The study was designed to explore the feasibility of conducting online expert panels and to examine experimental replicability of their findings. We focused specifically on the issues of expert participation, consensus development, agreement across panels, and participant experiences. We also investigated the effects of the panel size on participation rates and satisfaction with the ExpertLens process used to conduct online panels. Our exploratory study shows that online expert panels may be a practical approach to engaging large and diverse groups of stakeholders in finding consensus on key language issues within an evolving field, such as QI. It also supports the results of previous research showing that virtual panels may potentially expedite the elicitation process, minimize burden on participants, allow the conduct of larger and more diverse panels, and include geographically distributed participants [8, 9].
Overall, CQI stakeholders demonstrated strong commitment to improving CQI language, and the study participation rate was high, with 66% of participants, who did not receive any honoraria, engaging in all phases of the online elicitation. This number compares favorably to both the 45-50% typically expected participation rate in a traditional Delphi study  and the 49% participation rate in a recent online Delphi with just two questions phases .
Moreover, our panelists generally expressed positive attitudes towards an online approach, finding the elicitation process interesting, the online system easy to use, and the discussion component helpful for improving their understanding of the issues and clarifying their positions. Typical average satisfaction scores were equal to, or above, "agreed slightly" on positively worded satisfaction items.
Although participation levels did not vary significantly across the panels of different size, the perception of a two-way information exchange, as measured by the post-completion survey questions, was significantly higher in larger than in smaller panels. Therefore, the number of invited participants in online consensus panels may need to be higher than in traditional panels to ensure that the critical mass of participants is achieved not only during the questions but also during the discussion phases . On the one hand, inviting a larger number of panelists may increase the panel's representativeness  and allow for exploring the differences not only between, but also within stakeholder groups. On the other hand, our largest panel (n = 40) was still of a size we considered reasonable for engaging a high percent of panelists in the discussion; having a very large number of panelists might have a deleterious effect on discussion participation.
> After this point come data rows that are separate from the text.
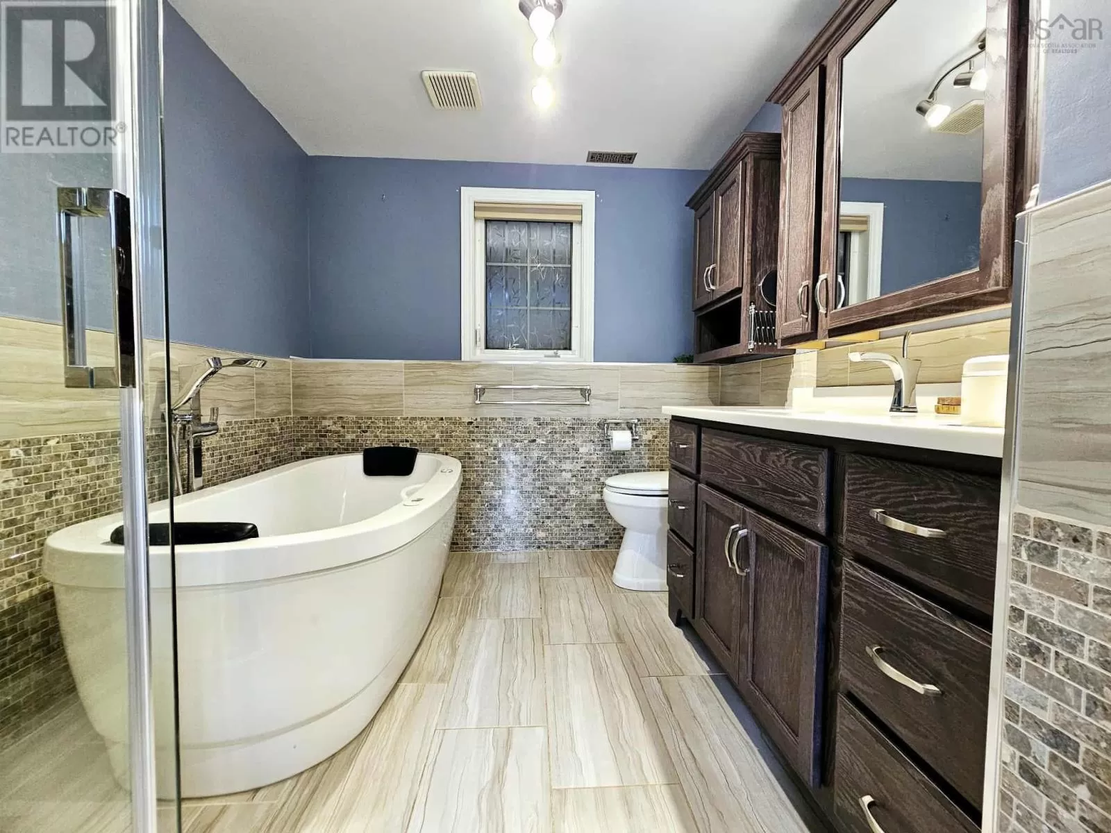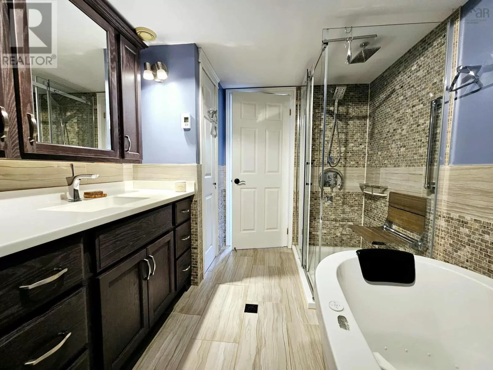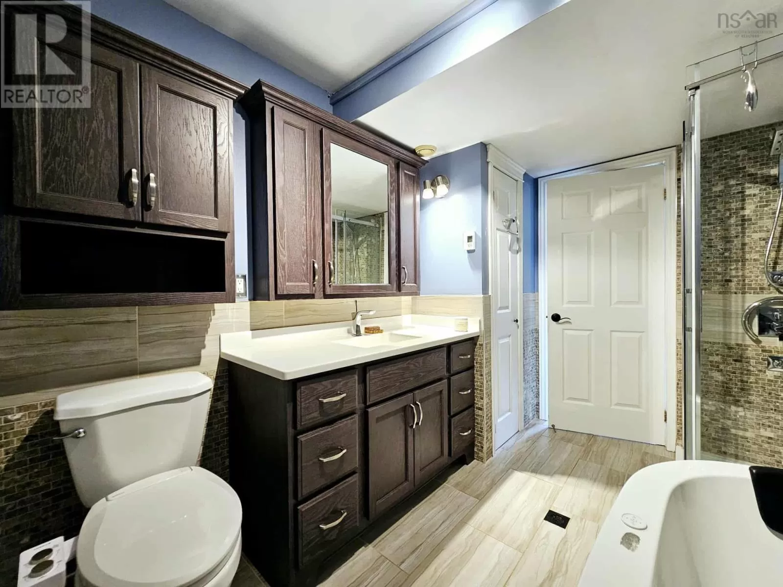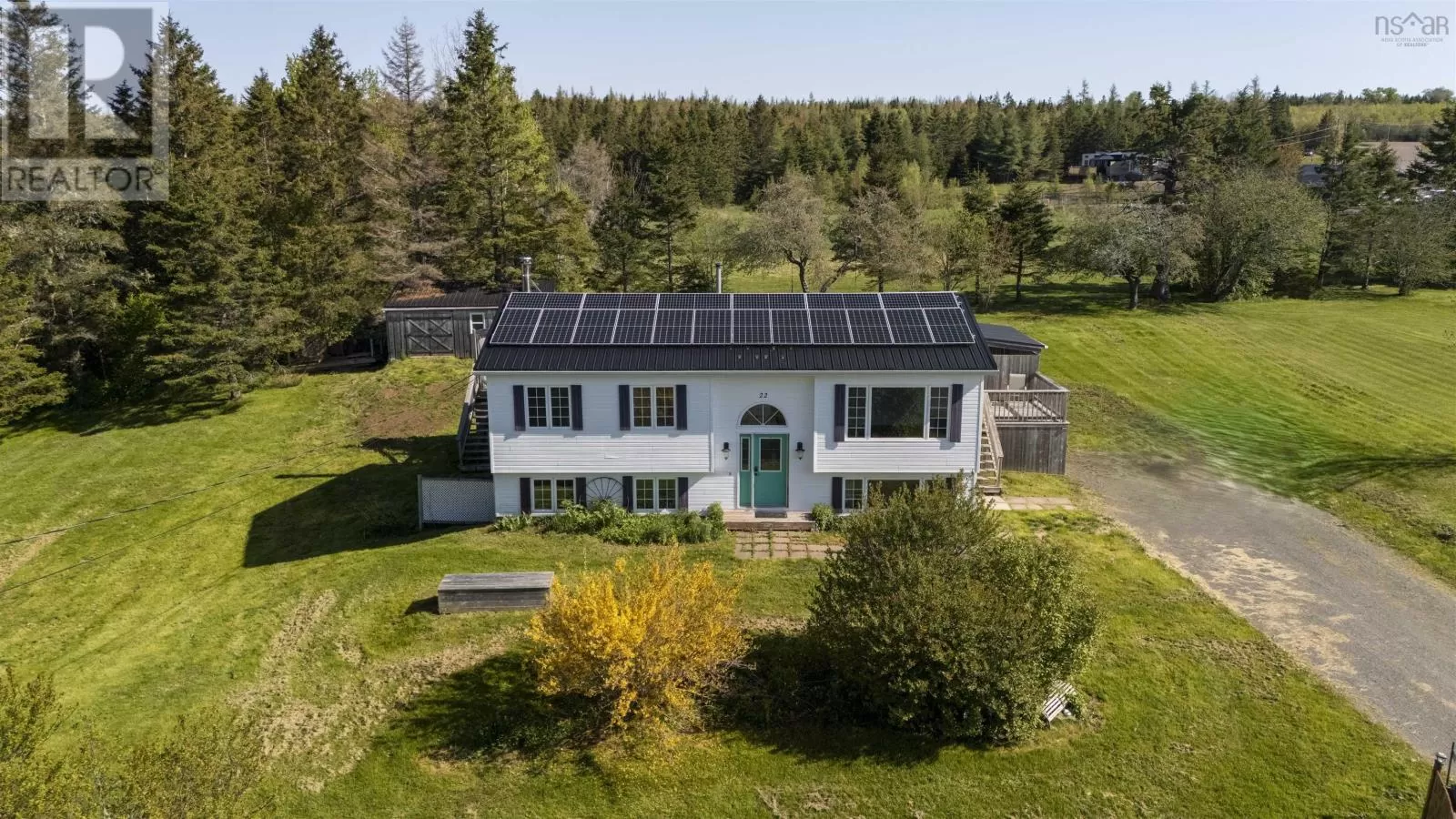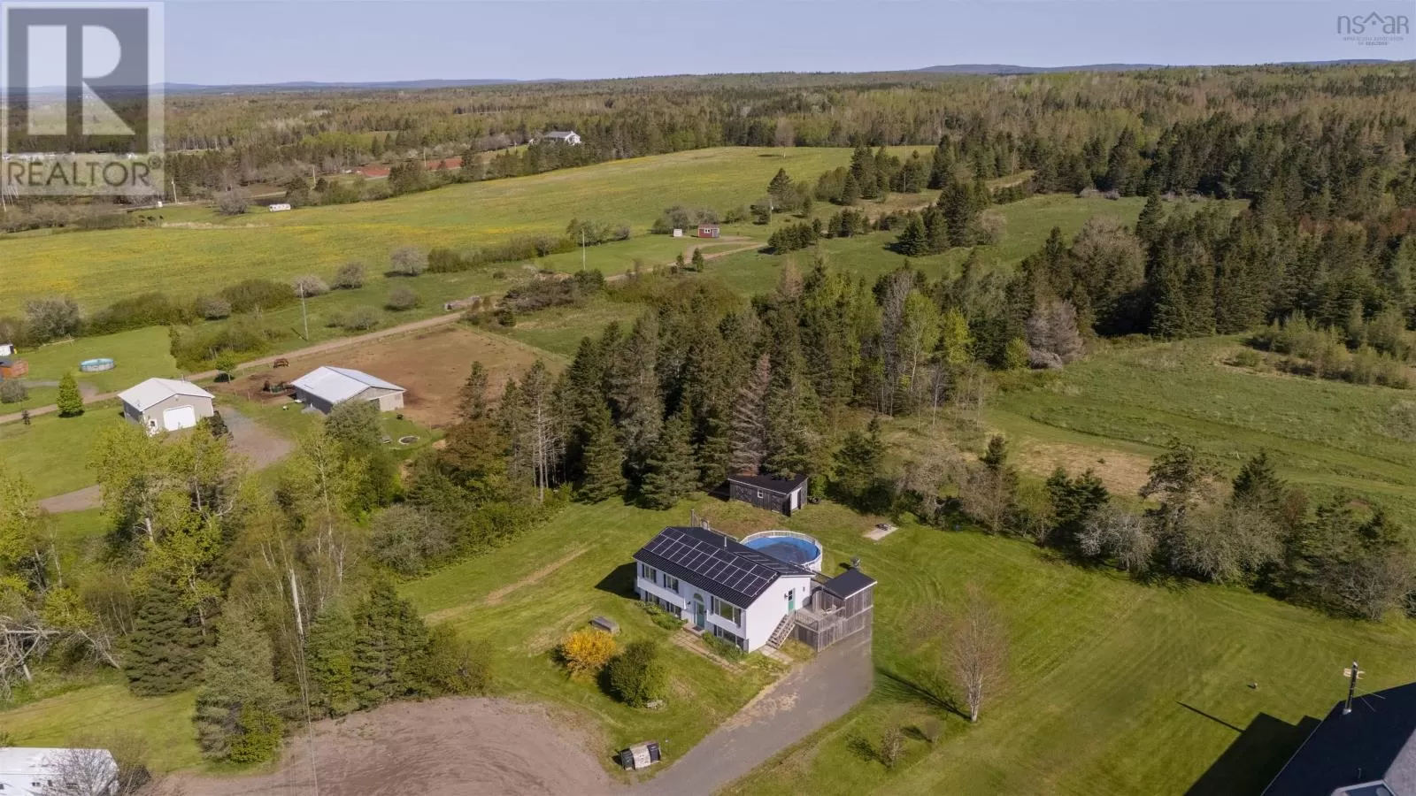 Onslow Mountain Road to Lornada Drive to Apple Drive. This lovely home offers an unbeatable location at the end of a quiet cul-de-sac, just 10 minutes from Truro, Debert, and Highway access. With four spacious bedrooms and two modern bathrooms, this property is perfect for families or those who appreciate extra space. The large recreational room features a walk-out, providing easy access to the stunning outdoor area. Enjoy summer days by the pool with a sizable entertaining deck, perfect for gatherings with family and friends. Set on a generous 3/4-acre lot, there's plenty of room for the kids to play and explore. The 12x24 shed is a great addition for car enthusiasts or hobbyists, providing ample space for tinkering. Recent updates include a new septic tank and field installed in 2018, a pressure tank and pump replaced in 2022, solar panels added in 2019 for energy efficiency, and a metal roof installed in 2016 for durability. The lower bathroom has been beautifully renovated, featuring a luxurious soaker tub, heated toilet and floor, as well as a modern glass walk-in shower.This property combines comfort, functionality, and a prime location, making it a must-see! (id:27476)
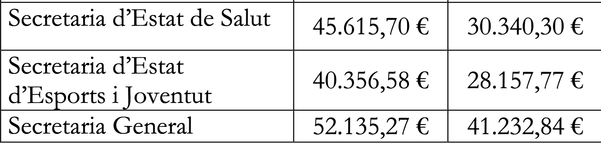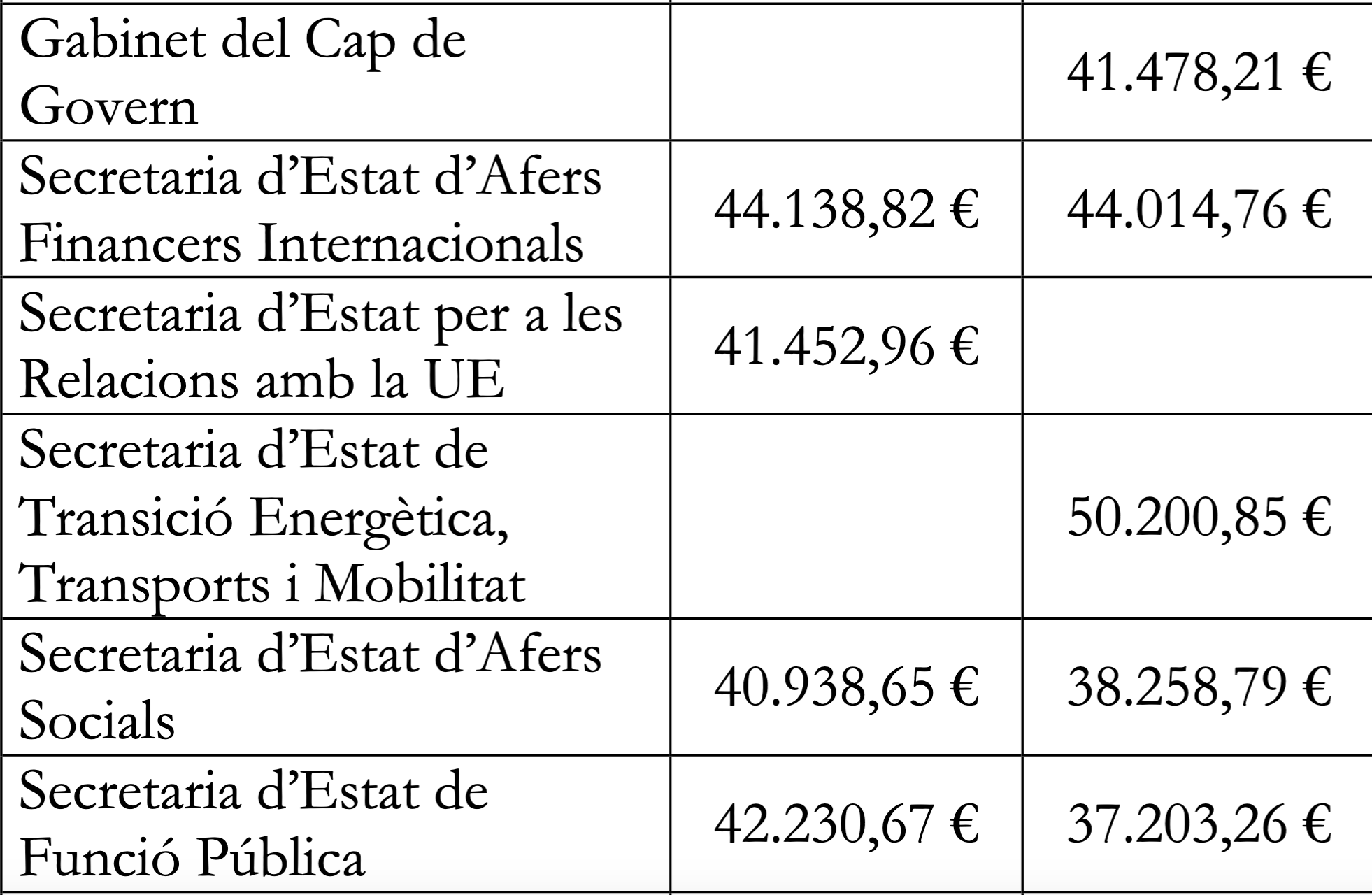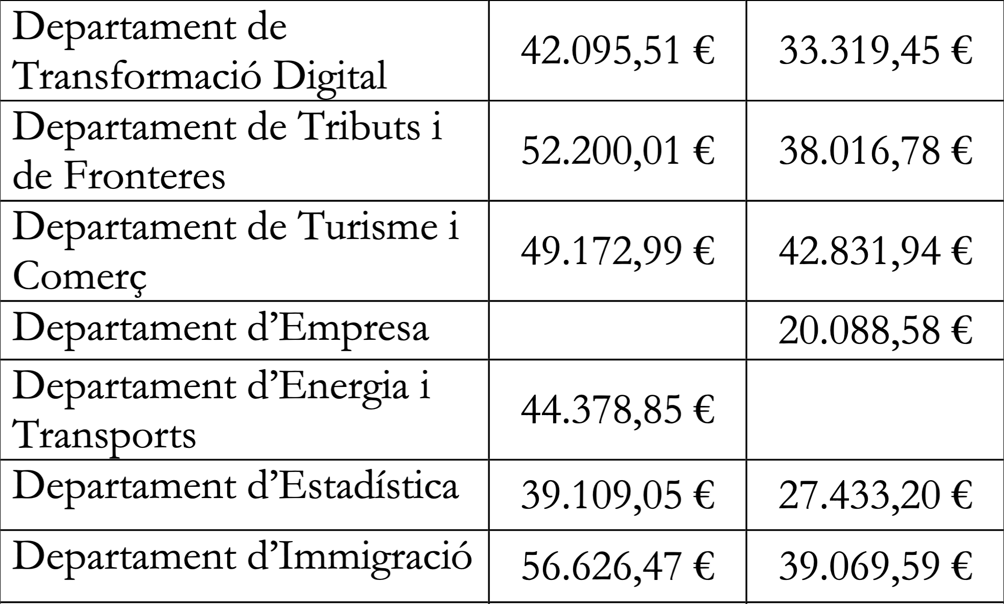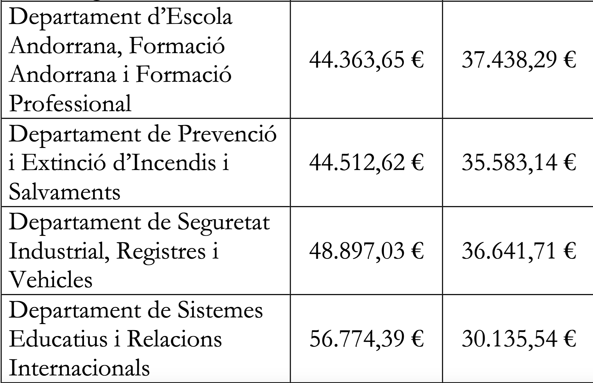 Els sous més alts es troben departaments com a Policia, Immigració, Registres jurídics i econòmics. L’executiu ha fet públic el llistat de departament per departament pe que fa als grups B (intermedi) i C (baix). En aquest llistat no surten els sous corresponents al grup A que recull als funcionaris d’alt rang.
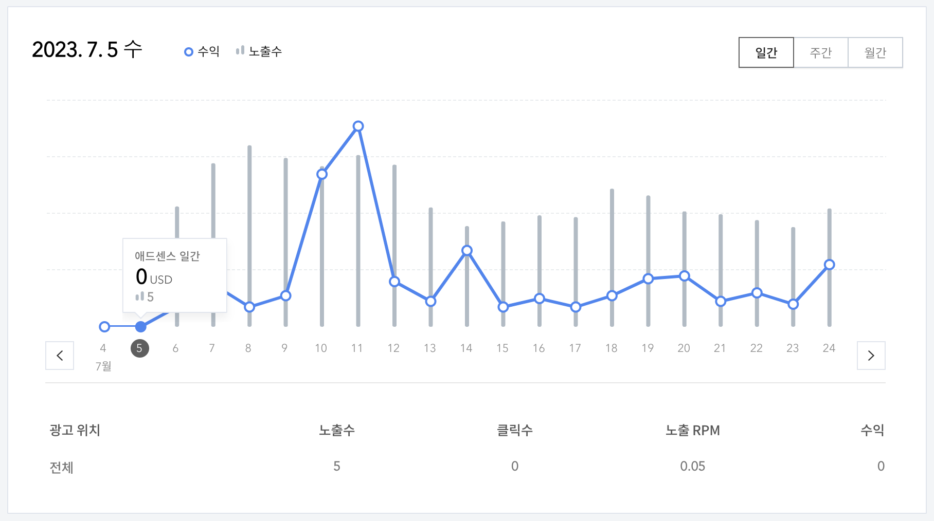 무효트래픽 해제돼서 광고는 걸리는데.. 수익이 진짜 안 난다;

Finally, our study suggests that the online approach can be used to conduct multiple parallel panels to test for the reproducibility of panel conclusions. In this study, the level of agreement between panels was fair as measured by four-way kappa [28, 29], and roughly a quarter of all potential features was judged important by all four panels. The comparison across panels is crucial information when evaluating the potential replicability of panel decisions and provides an indication of the degree of confidence in the robustness of decisions across panels. By the end of Phase III, all four panels agreed on the status of five out of eleven CQI features. The data feedback and discussion features of the online system appeared to reduce MAD-M values (i.e., increase the level of agreement) between Phase I and Phase III without forcing participants into consensus. By virtue of answering the same questions twice and discussing their perspectives, all four panels agreed on the importance of three out of eleven features to the definition of CQI, and on the lack of importance of two other features.
While our study illustrates the feasibility of conducting online expert panels, it, nonetheless, has some limitations. In terms of panel size, our results reflect only a modest panel size range; we did not test extremely small or large sizes. Furthermore, we do not know how well we represented QI researchers versus QI practitioners in our sample, because we only can categorize those who actually signed up to participate; however, our Phase I response rate of 77% does not suggest a high level of bias in this regard. Finally, in terms of achieved participation rates and panel results, the findings may primarily reflect the dedication of CQI stakeholders and may not apply to other topics and applications. Previous studies using this online approach , however, also indicate that this process can help obtain input from large, diverse, and geographically dispersed groups of stakeholders who try to foster exchange and find consensus on often controversial topics and policy questions. Nonetheless, further experimental research is necessary to validate these findings.